Manager: The current system should be able to give us a list of all the men.

Developer: That is easy.

Manager:  OK, this is a very critical requirement, check in the code in the next 1 hour.

You are brimming with happiness, you have done this so many times and then you say to yourself, that’s  easy!  I just need to initialize an empty collection, iterate over the list of collection, add an if condition and that’s it. This is what you come up with:

private static List<Person> getAllMen(List<Person> persons)
{
List<Person> men = new ArrayList<>();
for(Person person : persons)
{
if(person.getGender() == Gender.MALE)
{
men.add(person);
}
}
return men;
}

Before checking in the code, you look through the code again, notice the new List of men objects, the iteration and if condition. You feel a great sense of accomplishment and send an email to your manager and possibly your colleagues that your task is completed.
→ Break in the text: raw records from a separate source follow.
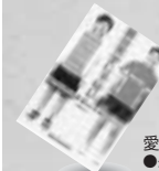
愛は天才じゃない ●生島 淳(著) 福原 千代(述)

※大勢の方々にいろいろな本を見ていただくための処置ですので、ご協力をお願いします。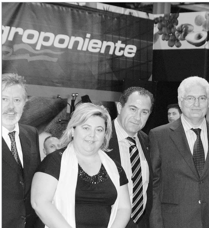
SATISFACCIÓN. Grupo Agroponiente supera sus expectativas iniciales en Fruit Attraction. / IDEAL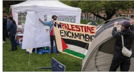
پنسلوانیا یونیورسٹی کی پولیس سے مدد کی درخواست

واشنگٹن (پینسلی)۔ امریکی سین ایئر لائنیاں دی جیٹس کی رپورٹ کے مطابق جیسے کہ روز پورٹیکل آف پنسلوانیا نے امریکی پولیس سے کیوں نہیں ملنے والے فلسطینیوں کے حامی مظاہروں میں اضافہ کرنے کے بعد سزے خواتین کی درخواست کی ہے۔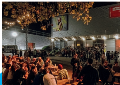
Usines Fagor, Lyon 7

« Grandiose autant qu'éphémère, un lieu bien particulier est placé au cœur de la 20 e édition de la Biennale de la danse de Lyon (...) : Fagor (...) à la fois l'épicentre festivalier de la Biennale, le site d'animations continues et un lieu de spectacles. »

You then hop away for lunch.

After a heavy lunch, you come back on your desk and notice the manager walk towards you, it looks like he has a very serious and difficult requirement.

Manager: Good coding, I have a new requirement for you. Now the system needs to fetch the list of all the women from the database.

You: Okay, consider it done.

Manager: Alright, I need you to do this in 45 minutes.

What do you do?  You know the class name, you open it, look at the getAllMen() and use the most favorite operations,  “copy” , “paste” and then rename the method name and change the condition. This is what you come up with:

private static List<Person> getAllWomen(List<Person> persons) {
List<Person> men = new ArrayList<>();
for(Person person : persons)
{
if(person.getGender() == Gender.FEMALE)
{
men.add(person);
}
}
return men;
}

There is a big smile on your face as you look at your watch, you accomplished this code in 5 full minutes. You look at your code and say to yourself, create new list, iterate, if condition. It looks good and then check in the code, but send the email after 40 minutes just to make sure that your manager notices the 5 minutes that you saved.

Then you suddenly look at the code again, create new empty list, iterate, if condition…… But then you realize that you have forgotten to rename the variable. There is a little bit of panic but you are really fast, you rename that variable, men to women, check in that code so quickly that even Vin Diesel from the Fast and the Furious fame would be ashamed. Now, it’s time for a cup of tea. 

The modified version

private static List<Person> getAllWomen(List<Person> persons)
{
List<Person> women = new ArrayList<>();
for(Person person : persons)
{
if(person.getGender() == Gender.FEMALE)
{
women.add(person);
}
}
return women;
}

It’s 5:30 pm already, you know it is time to go home. But alas, the manager again walking towards you. You do not want to look at him this time, you stare at your PC as if you are really busy and have no time for anyone.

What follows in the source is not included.